Thomas Dolby is on the road again after 15 years. And how times have changed: unlike the year 1991, the year 2006 means he can blog the whole tour. For starters, he’s posted the gory details of his performance rig “for the geeks and musicians out there.” (You called?)

  1. Power Mac G5 Dual 2.0 GHz, to be replaced with a MacBook Pro when everything gets ported to Intel
  2. MUSE Receptor for still more plug-in hosting
  3. Logic Pro 7.2 acts as a MIDI host (for outboard hardware synths and plug-ins), plug-in host, and (primarily) playback device for presequenced backup tracks
  4. Stylus-RMX plug-in for loops, thanks to the fact that you can queue up irregular loops
  5. Built-in Logic plugs, plus more: Arturia’s MiniMoog, RMIV drums, Slayer2 guitars, UltraFocus, Camelspace gating effect, T-racks mastering.
  6. Rack: UPS power backup, PreSonus Firepod FireWire audio interface, MOTU MIDI interface, Nord 3 racked synth
  7. Keyboard controllers: Three of them, no less: CME Pro 7 (now distributed by Yamaha), Novation ReMote SL25 (which automaps nicely to Logic), and the Virus TI Polar. The Virus is the only sound source.
  8. M-Audio Trigger Finger for drums, samples, muting and unmuting tracks.
  9. Vintage gear retrofitted for MIDI: Knobs on old oscilloscopes and signal generators controlling soft synth parameters? Now, that’s cool. (Wouldn’t you do something like that if you were Thomas Dolby?)

Choosing software

Two particularly interesting notes: since nearly all of the playback is through MIDI synths, Dolby has set up a custom Max/MSP patch for easy, visual selection of controller zones, routing his three controllers to a variety of soft synths visually. In yet another victory for Max, it was easier, quicker, and more flexible to do this in Max than in Logic’s Environment. (Note: if you’re on a budget, you could easily do the same thing with Max’s open source cousin, Pd, too.)

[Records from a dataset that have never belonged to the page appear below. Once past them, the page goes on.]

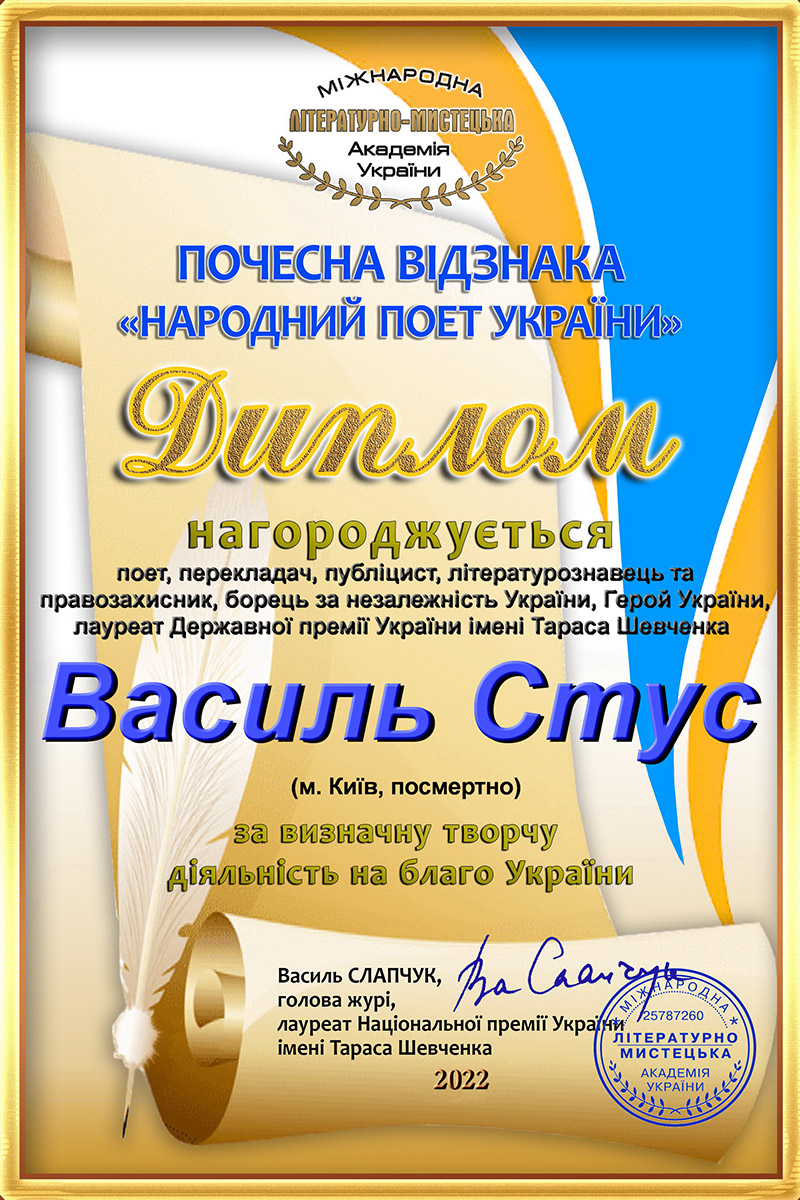 Видатні поети Василь Стус і Микола Вінграновський посмертно нагороджені Почесною відзнакою «Народний поет України» за 2022 рік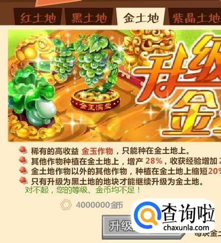 最后点击升级为金土地就可以了。想要把自己QQ农场的土地升级为金土地,必须等级和金币足够的情况下才能升级。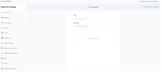 Dica bônus: É possível efetuar configurações de campos condicionais nos formulários. No canto superior direito, terá a opção “Condicionais em campos”
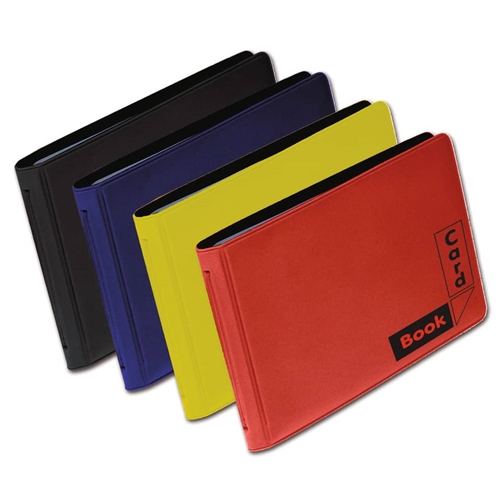 Cardbook a 12 scomparti con disposizione a libro in PVC gommato e anima semirigida. Interi in PVC antistatico, stampa a caldo. Colori assortiti.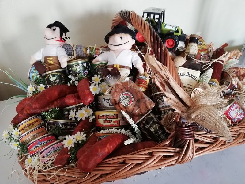 Druhy používaných výrobkov: dusená šunka, údené mäsá podľa výberu, údené klobásy (pálivá,lahôdková) , slaniny, syry, zelenina, konzervy.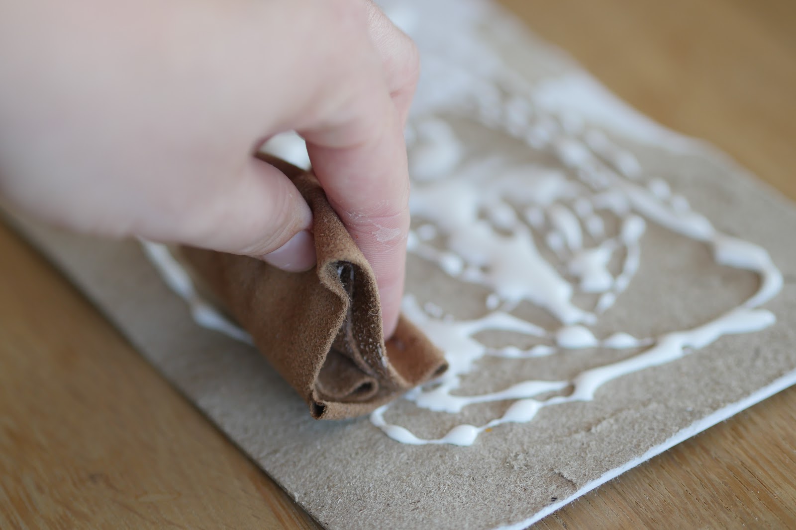 …und klebt es in die Mitte eures zugeschnittenen Leders.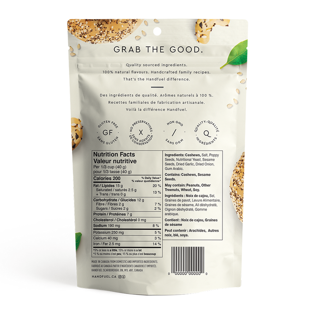 Cashews, Salt, Poppy Seeds, Nutritional Yeast, Sesame Seeds, Dried Garlic, Dried Onion, Gum Arabic.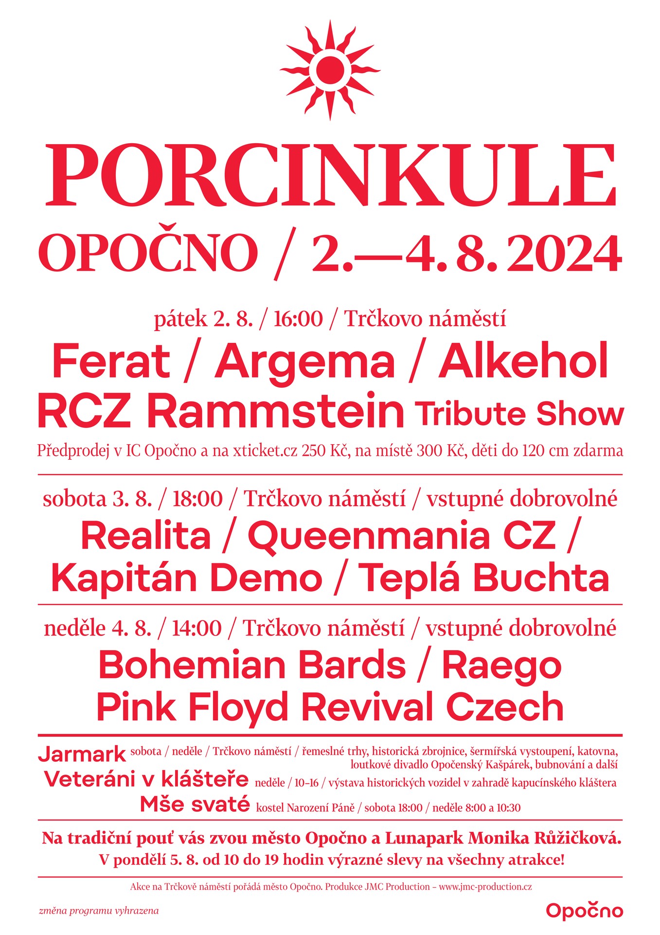 Předprodej vstupenek na páteční koncerty probíhá zároveň i v Informačním centru Opočno.

But where’s Ableton Live in all this? Dolby claims he can’t use Live because his music doesn’t fit into 4-beat bars. That’s actually not the problem he thinks it is; you can easily cue irregular beats in Live by quantizing to the beat instead of the bar, much as he describes doing in Stylus RMX. But this is also a great setup, and benefits heavily from all the built-in instruments and effects (vocoder, anyone) in Logic.

Could you do it on a budget?

In fact, thanks to Logic, this setup doesn’t have to cost a fortune. Dolby says we might want to tally up the whole cost, and I’ve done that, painstakingly researching the street prices of all this gear to determi. . . uh . . . okay, actually, I don’t want to do that. But let’s think about a bare-bones setup: get a MacBook Pro ($2000), plus Logic ($1000, though less if you’re a student), plus an audio interface (PreSonus makes one for less than $200), plus a mic (Shure SM58 Blue is about $150), plus a Remote SL keyboard (extra octaves for just $600) . . . just over US$4000 for an entire road setup. Not bad, especially given that you probably have a lot of this gear. Throw in some Shure E series in-ear monitors for $150.

Still not cheap enough? How about a reasonable PC laptop ($1000), or even a Core Duo Mac mini plus a compact LCD and rack for about the same price, plus an Edirol keyboard ($220, and I’ve got one I love right here), plus Ableton Live ($400), and Reaktor for all the synths and effects you could ever possibly want ($500). Just over $2000. You could even just play with Reaktor for your beats if you wanted. There are various other combinatorics, but most of what Thomas Dolby has is more of everything — three keyboards instead of one, extra plug-ins, an extra rig for plug-ins (the Receptor) even though he’s running backup tracks.

And, as Dolby himself notes, this is a far cry from a $120,000 Fairlight CMI in the 80s.

Just make sure you spend a little extra effort on the retro-sci fi-cool details like those shades and headphones. And notice the keyboards are up front, computers in the back? It makes a difference.

Thanks to the first post on the CDM performing board, via 3l33t_v4cuum, for the lead!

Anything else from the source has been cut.